NetDay (1995–2004) was an event established in 1995 that "called on high-tech companies to commit resources to schools, libraries, and clinics worldwide so that they could connect to the Internet". It was developed by John Gage (then-chief science officer at Sun Microsystems) and activist Michael Kaufman. They approached Delaine Eastin, California's State Superintendent of Public Instruction, to put together the first event in California. The first official NetDay was held in 1996.
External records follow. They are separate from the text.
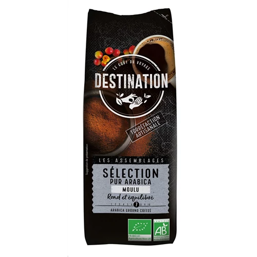 DESTINATION SELECTION Prémium Bio őrőlt kávé. Összetevők: 100% Arabica*. Intenzitás: 7. *Összetevők: Ellenőrzött ökológiai gazdálkodásból. Gyártó: Destination. 5-11 rue Yves Gltoin, 33083 Bordeaux - Franciaország Tárolás: Száraz szobahőmérsékletű helyen. Felbontás után, hűtőszekrény alsó polcán elhelyezve, jól lezárva tárolandó! Minőségét megőrzi: lásd a csomagoláson. Nettó súly: 250 g. Ellenőrizte: FR-BIO-01. Forg: Ginger Design Kft. 1087 Budapest, Asztalos Sándor u. 5-7. www.gingerdesign.hu, www.teabox.hu Forgalmazást ellenőrző szerv: Bio Garancia Kft. (HU-ÖKO-02)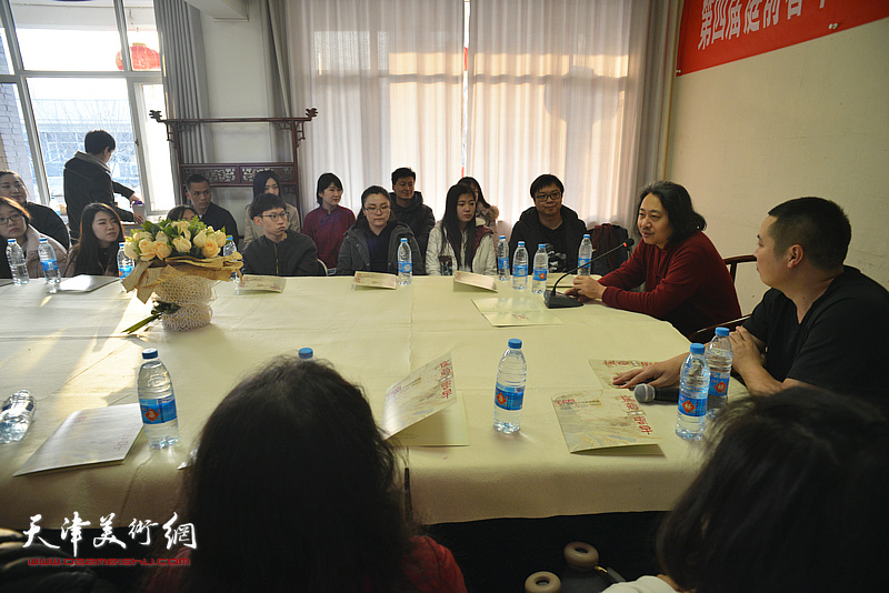 第四届庭前春早-贾广健师生中国画作品展创作座谈会现场。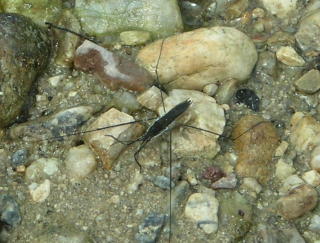 【左】メダカハネカクシ類(平戸池の岸辺に一杯いました)      【中】アメンボ      【右】ムラサキシジ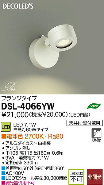 DAIKO Âç¸÷Åŵ¡ LED¥¹¥Ý¥Ã¥È¥é¥¤¥È DECOLED¡ÇS(LED¾ÈÌÀ) DSL-4066YW

In 2005, NetDay merged with Project Tomorrow (tomorrow.org), a California nonprofit involved with math and science education. The organization is continuing to work with schools to improve the use of technology in education.

Overview
NetDay was established to take place over the course of one Saturday, whereby designated schools would receive full connection to the Internet. Activities were coordinated at the website netday.org. The HTML Writers Guild (quoting the NetDay FAQ) defined the day as an:

Some argued that access to the Internet should not be a priority when schools lack even basic resources like library books (although in many cases the project added needed materials and efforts to computing projects already underway).

NetDay '96

The first NetDay was held on March 9, 1996. NetDay '96 created considerable excitement amongst participating schools. The day was organized via the website netday96.com. 20,000 volunteers helped to wire 20 percent of California schools to the Internet. 2,500 wiring kits were donated by telephone companies. Of the first event, John Gage commented, "NetDay96 is a demonstration of what can happen when people coalesce around a community project [...] In one day, we can begin to reverse California's abysmal record of putting technology into its classrooms."
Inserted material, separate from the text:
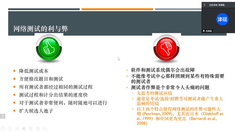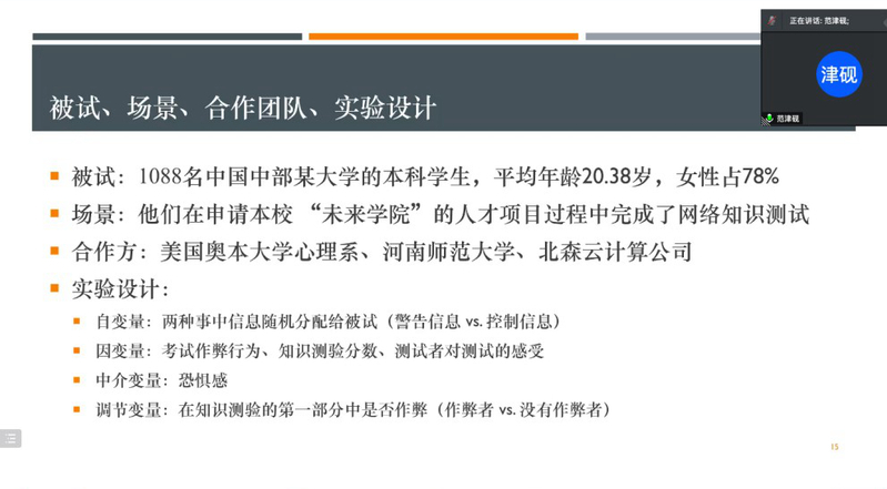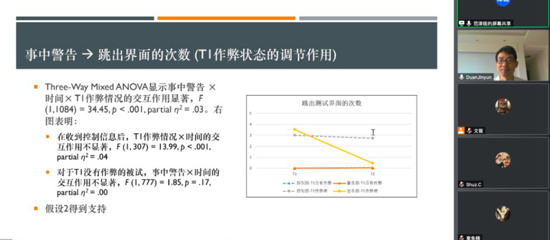 2022年6月24日上午,必赢通过线上方式举办俊秀青年学术俱乐部系列讲座,特邀杰出校友,美国奥本大学心理系范津砚教授作题为“事中警告对降低网络考试作弊行为的效应和机制:一个现场实验研究”的学生报告。报告由段锦云教授主持,孟慧教授及相关领域的青年教师、研究生70余人参加了本次报告会。

President Bill Clinton and Vice President Al Gore were also involved with NetDay '96, spending the day at Ygnacio Valley High School, as part of the drive to connect California public schools to the Internet. In a speech given at YVH, Clinton stated that he was excited to see that his challenge the previous September to "Californians to connect at least 20 percent of your schools to the Information Superhighway by the end of this school year" was met. Clinton also described this event as part of a time of "absolutely astonishing transformation; a moment of great possibility. All of you know that the information and technology explosion will offer to you and to the young people of the future more opportunities and challenges than any generation of Americans has ever seen". Clinton acknowledged the support of the State Superintendent of Public Instruction Delaine Eastin, Lieutenant Governor Gray Davis, Senator Barbara Boxer and Representative George Miller.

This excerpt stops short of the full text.